Digital music is clearly a huge area, from iTunes and Amazon to Pandora and the recently introduced to America, Spotify. Well, Google isn’t going to be left out of this, Google Music is currently in beta.

If you can see this, then you might need a Flash Player upgrade or you need to install Flash Player if it's missing. Get Flash Player from Adobe.

And yes, it works on your Android mobile device.

2. Influence Ranking

The +1 button is gaining adoption across the web quickly. This makes an easy entry point for Google to create their own influencer ranking to rival Klout and PeerIndex. Once people like Rober Scoble, Chris Brogan and Ashton Kutcher realize that posting content to Google+ and getting +1s will significantly affect their Googlefluence (yeah, I’m totally trademarking that), Google can own the important online influence category. I think many people would see a Googlefluence score as being more credible than the others (and of course, other people would not). In all, they’ll create a virtuous circle in which people will be using Google tools and platforms to increase their scores.

3. Social TV

If I was GetGlue, I would be worried. With GoogleTV, Google’s search will be complemented by the social aspects of Google+. The next step is to add a further social layer a la GetGlue.  Interacting with shows and brands via a GoogleGlue platform would provide Google with a rich data mine for advertisers.

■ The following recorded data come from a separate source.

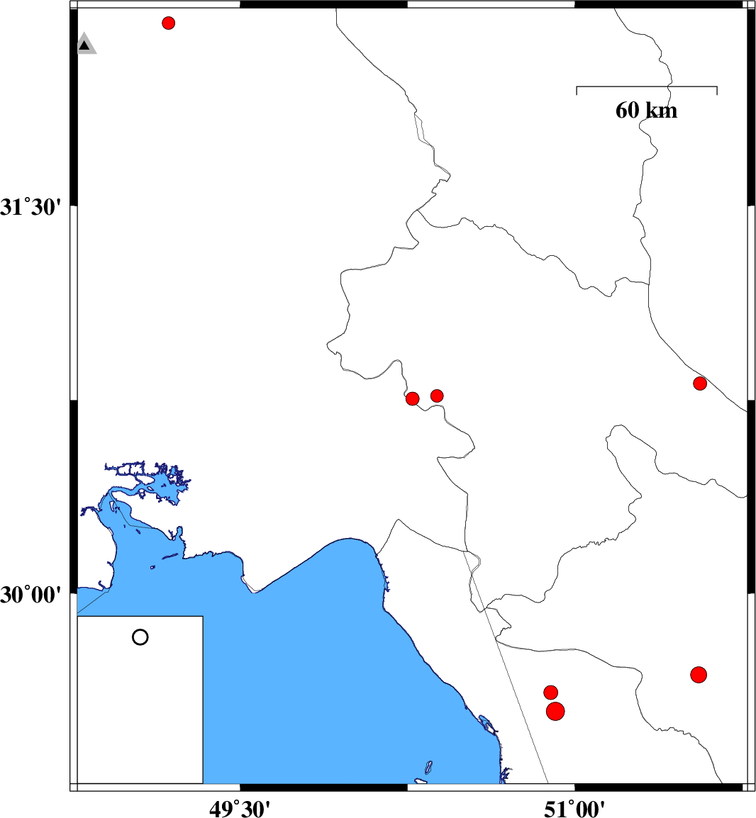 | 2017/04/28 | 07:23:45.4 | 11:53:45.4 | 30.815 | 51.56 | 15 | ML:2.7 | Kohkiluieh va boyerahmad Province, 11 km -East of Sisakht | ||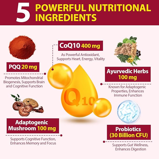 - 5-IN-1 SCIENCE-BASED FORMULA: Our co q 10 supplement provides 400 mg CoQ10 and 20 mg PQQ per serving, compared to coq10 300 mg, coq10 200 mg, or coq10 100 mg gummies, Ciaceae coq10 gummies 400 mg has maximum strength CoQ10 & PQQ, enhanced with Ayurvedic Herb Blend, Adaptogenic Mushroom Blend, Probiotics, the highest potency available for heart function, energy, and offers superior antioxidant protection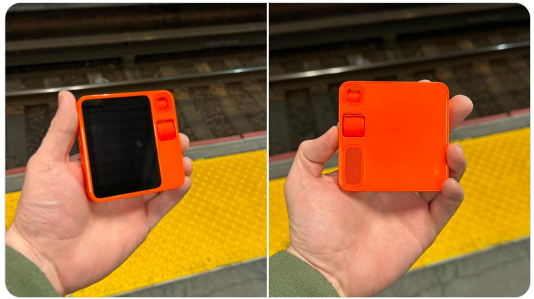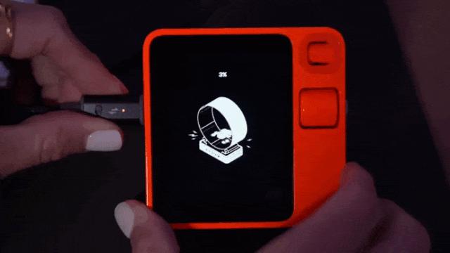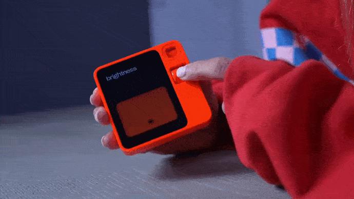 外观上没什么变化,小巧趁手。橙色的外壳包裹着2.88英寸的屏幕和一个可以旋转的摄像头。交互上侧边边有一个灰色按钮以及一个滚轮。设备背面有扬声器开口,底部和侧边还有麦克风、typec充电口和sim卡槽。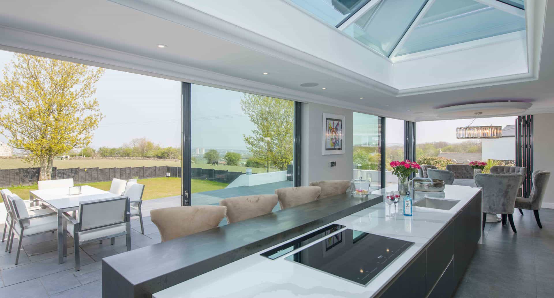 The new extension is dominated by two more feature products. A huge Sky Line roof lantern is the centrepiece of the beautiful new kitchen. The master bedroom contains a floor to ceiling tilt only window, with a shaped gable frame above it, lining through with the pitch of the extensions new roof. The bifold door and Scenic casement windows contain electronically operated Uniblinds, which allow the homeowners to close off the side elevation for privacy from the neighbours. The whole property, particularly the new extension is completely flooded with natural light and masses of glazing that allow the homeowners to enjoy the landscape views in nearly every room of the home.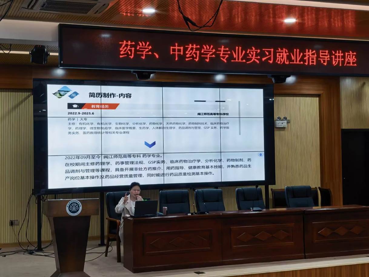 佘雪花老师围绕实习就业方向、岗位选择、简历制作及面试技巧等内容展开详细解读,重点介绍药厂、医疗机构、医药公司、药店四大就业渠道,深入剖析各岗位工作内容、职业发展与晋升路径,并结合行业现状为学生提供务实的择业建议。此外,她还针对简历优化、面试准备开展专项指导,提醒学生明确自身职业定位,合理规划学历提升与药师考证事宜。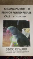 My parrot flew away on 11/05/20 in the evening. She is a Green Alexandrine Parrot with red spots on her wings with a long tail and a red beak. She is friendly and could fly to you/ on your shoulder if you show and give her a treat. Sometimes she like to walk on the ground and hide herself on the corners. She is part of my family and we are missing her so much. If seen or found please call me at 817-223-7797 or email me at mehrshadvafaei@hotmail.com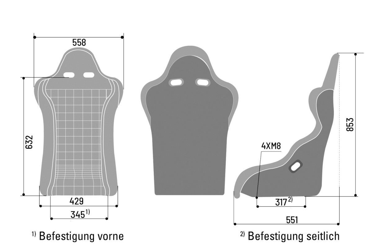 U sedaček s bočním uchycením je způsob instalace shodný se sedačkami se spodním uchycením, ale oproti nim je nutné je doplnit ještě o boční konzole / držáky, které přesouvají montážní body ze strany do spodu. Ptáte se proč tedy nemají tyto sedačky v základu také uchycení zespodu? Sedačky s bočním uchycením jsou zpravidla skořepinové sedačky se složitějším tvarováním, kde spodní strana není dostatečně rozměrná pro umístění montážních bodů. Boční uchycení také umožňuje co nejnižší posez v sedačce.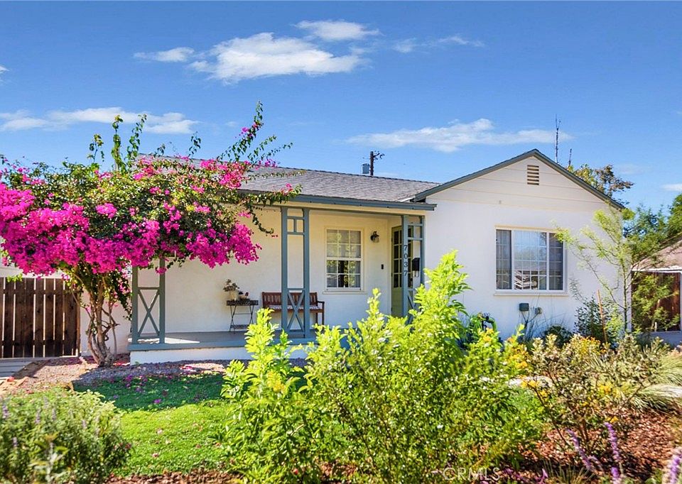 explode with color each spring to the warm, light-filled living spaces inside. There is a spacious living room & dining area that leads to the updated kitchen with granite counters & newer premium stove. The primary bedroom comes complete with beautiful tile floors, new custom closets and a private entrance leading to the enchanting back yard. This house has two completely renovated bathrooms each designed with style, high quality fixtures and love. There is newer tasteful laminate flooring in the living room, kitchen, laundry room and bedrooms that creates a sense of flow and simplicity throughout. There is also newer interior & exterior paint. Your family will love hanging out in the warm, cozy den with large open sliding doors that looks out to the entertainer’s covered patio and backyard. Stepping out to the spacious backyard with lush, mature landscape you will feel you are in a serene garden oasis. The backyard also offers two storage sheds. Additional amenities include copper plumbing, recessed lighting, updated dual pane windows & a home EV charging station. Situated in an excellent Reseda neighborhood adjacent to Lake Balboa and just two blocks to Gault Street Elementary School.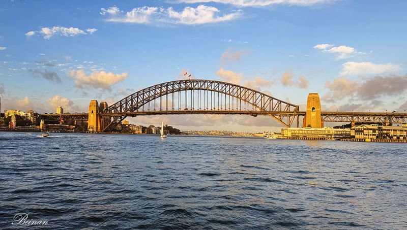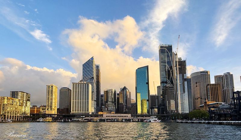 渡轮驶入环形码头,港口两岸的高楼大厦在斜阳下泛着温暖的光,玻璃幕墙反射着金色的光芒,仿佛在向我们微笑欢迎, 又好像在默默挥手告别----这是我们在悉尼,也是澳大利亚的最后一天。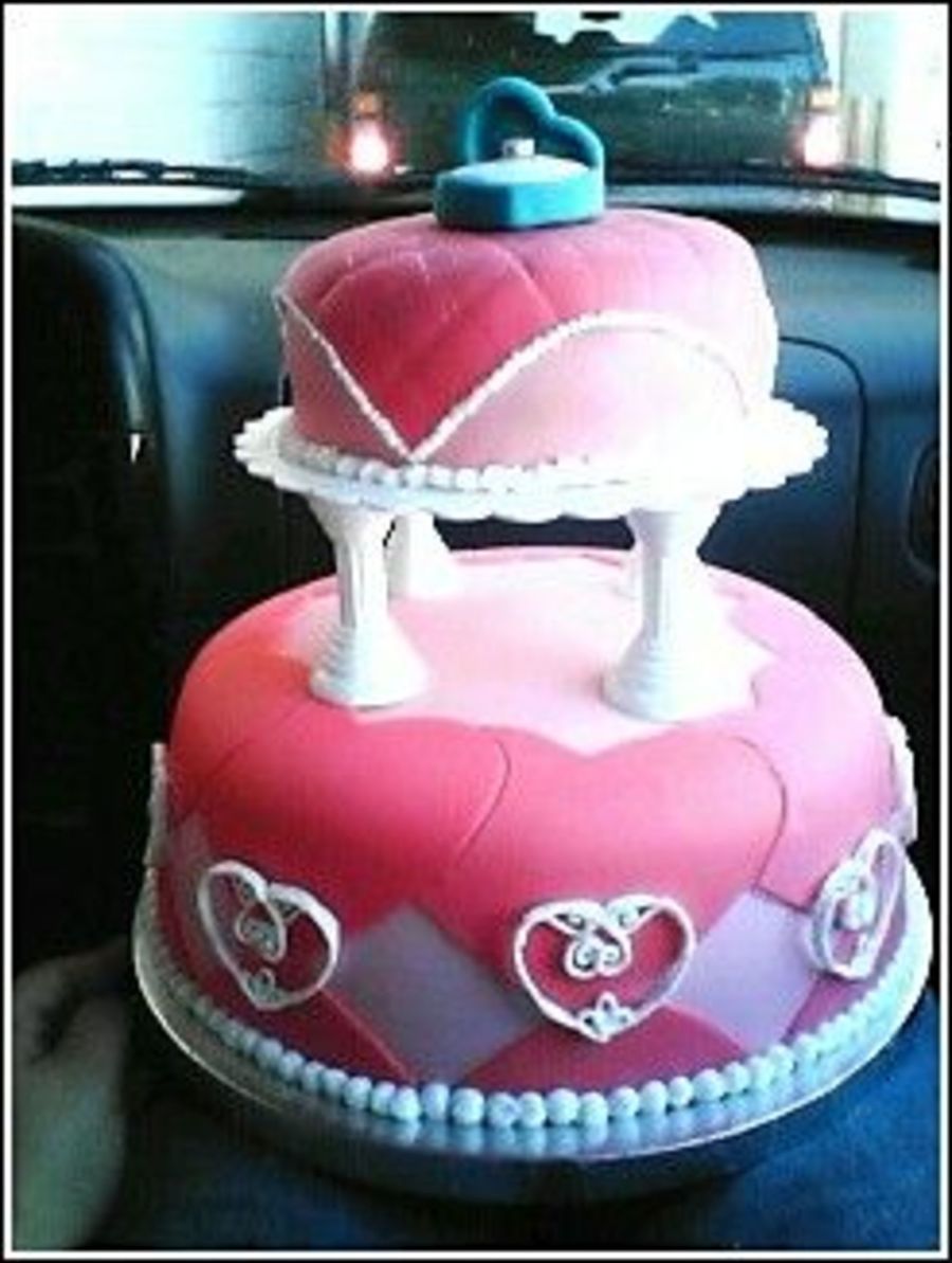 Wow! I love how you used the pink hearts on the bottom. Truly an impressive cake!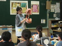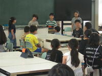 中学年では絵日記を見せながら、高学年ではプレゼンアプリを使いながら、伝えていました。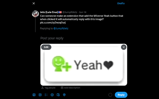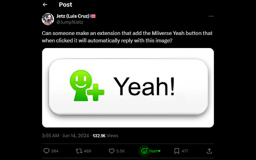extension adds image. more miiverse just to quickly to private with tweet ! likes, a yeah yeah a every yeah yeah reply no is brower button that ! a everywhere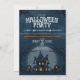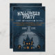 Marque a cena para uma noite de Halloween emocionante com este convite de casa assombrado. Apresentando uma lua de cheio brilhante, árvores tortuosas, lanternas-de-jack e uma mansão gótica assustadora, esta design capta o espírito negro e festivo de 31 de outubro. Perfeito para festas com música ao vivo, comidas, e dança, este convite adiciona um toque arrepiante e divertido à sua celebração do Dia das Bruxas.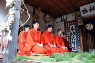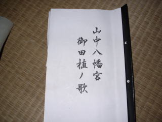 厄男達全員が拝殿に戻り、神職祝詞、役員及び厄男達の千秋 万歳楽そして田植え謡を謡うという。 歴史上、田植え謡は12句 あったが、現在は4句が伝わるという。 謡は他人に知られられ ないように声を低く籠らせるため、詳細は不明であった。 田植え謡 が、終わるたびに、鳥居前の門松の葉が投げ込まれる。 (早苗打ち=田植え作業を表すという) |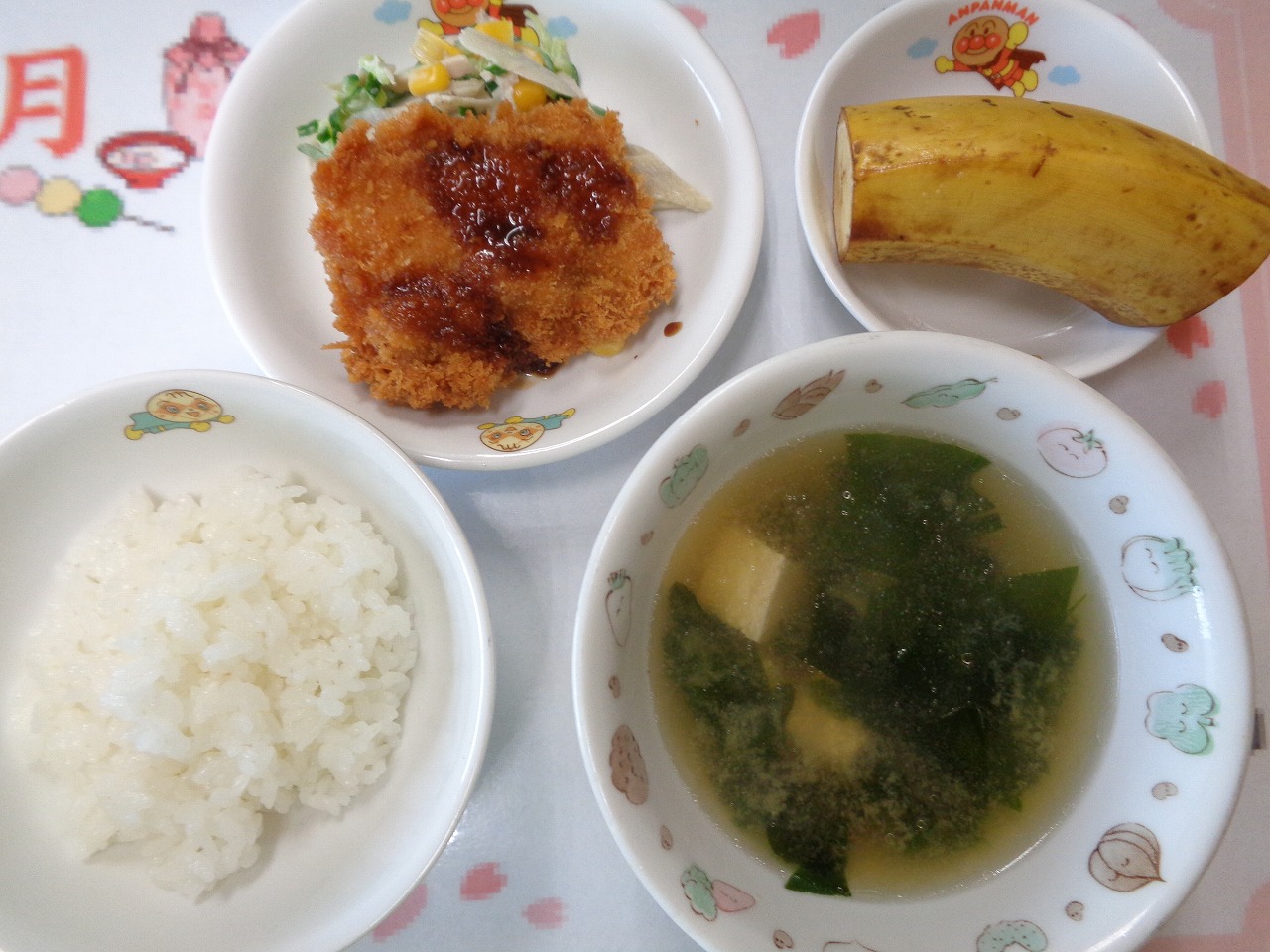 28日の給食は『チキンカツ・ごぼうサラダ・みそ汁(わかめ・豆腐)・バナナ』で、おやつは『五平餅・麦茶』でした🍌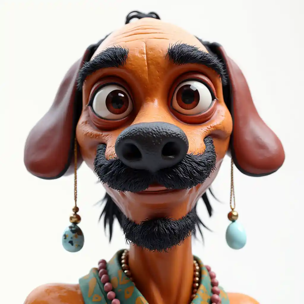 Un vívido render 3D de alta resolución de Snoop Dogg con un estilo inspirado en Pixar y Disney, con una piel bellamente texturizada y ojos expresivos y detallados. El render muestra una interpretación juguetona y caprichosa, capturando la personalidad relajada y carismática de Snoop Dogg. Sobre un fondo blanco nítido, la imagen recuerda a una textura de cerámica vidriada, rebosante de colores vibrantes y detalles intrincados. El estilo combina elementos de realismo y fantasía, lo que resulta en una experiencia visual cautivadora y encantadora que se siente a la vez familiar y mágica, presentada en una impresionante resolución de 8k.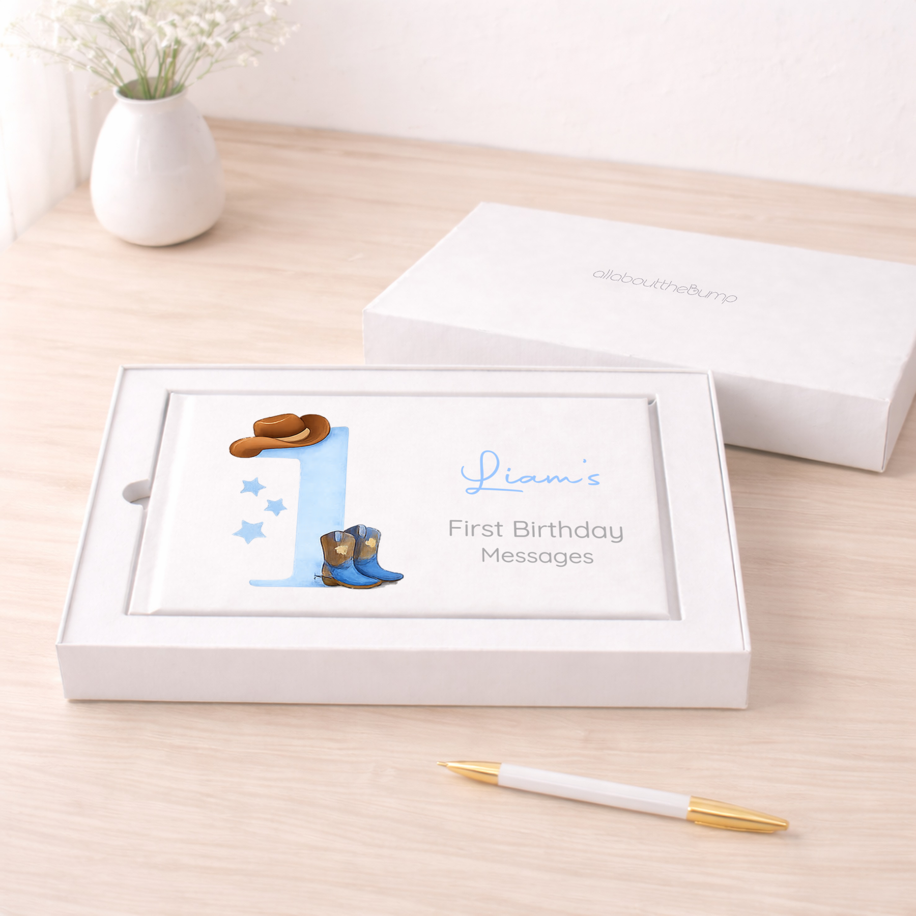 Celebrate your little one’s first birthday with this elegant, personalized guest book. Measuring 23cm x 17.5cm, this beautiful keepsake features 80 lined pages, perfect for guests to leave heartfelt messages, memories, and well-wishes for the birthday boy or girl.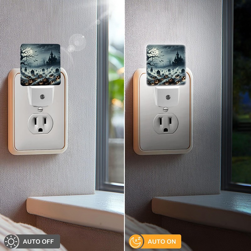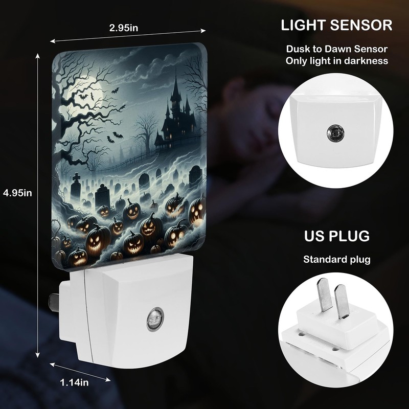 Jahiona LED Night Light Lamp with Smart Sensor Dusk to Dawn Sensor,Halloween Pumpkin Lantern Graveyard Tombstone Gnarled Tree Castle Cloudy Sky Moon Bats Night Light Daylight White,0.5W Plug-into Wall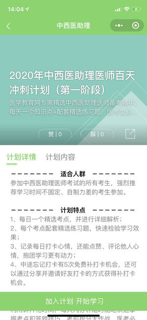 第三步:選擇備考科目后即進(jìn)入學(xué)習(xí)計(jì)劃選擇的頁面,請選擇“您的備考計(jì)劃”,如中西醫(yī)執(zhí)業(yè)醫(yī)師百天沖刺計(jì)劃(第一階段),然后點(diǎn)擊下方“加入計(jì)劃 開始學(xué)習(xí)”按鈕,開始正式進(jìn)入打卡學(xué)習(xí)。

4. Location Based Services – Google Places

Foursquare, Gowalla and even Facebook Places also seem vulnerable to me. Google Places just recently removed 3rd party reviews, putting a focus on Google-generated content. Will Google+ and Google Places see some integration soon?

5. Automotive

Between Google maps and their high quality mobile navigation, along with music and search and Android connection, a Ford Sync-like service could easily be rolled out to all auto manufacturers.

When you add all these together, you can see Google really owning the content and connections people create and have across a wide swath.  I didn’t even touch upon more business or institutional areas like medical or insurance records, finance, education or auctions to name a few.

Facebook launched a damp squib earlier this month with their product launch 2011 press conference, and I think they’ve really got their work cut out for them. Google might not have their auteur but they’ve got a lot of really smart people and the drive and focus of the Terminator. Don’t bet against them, at least not right now.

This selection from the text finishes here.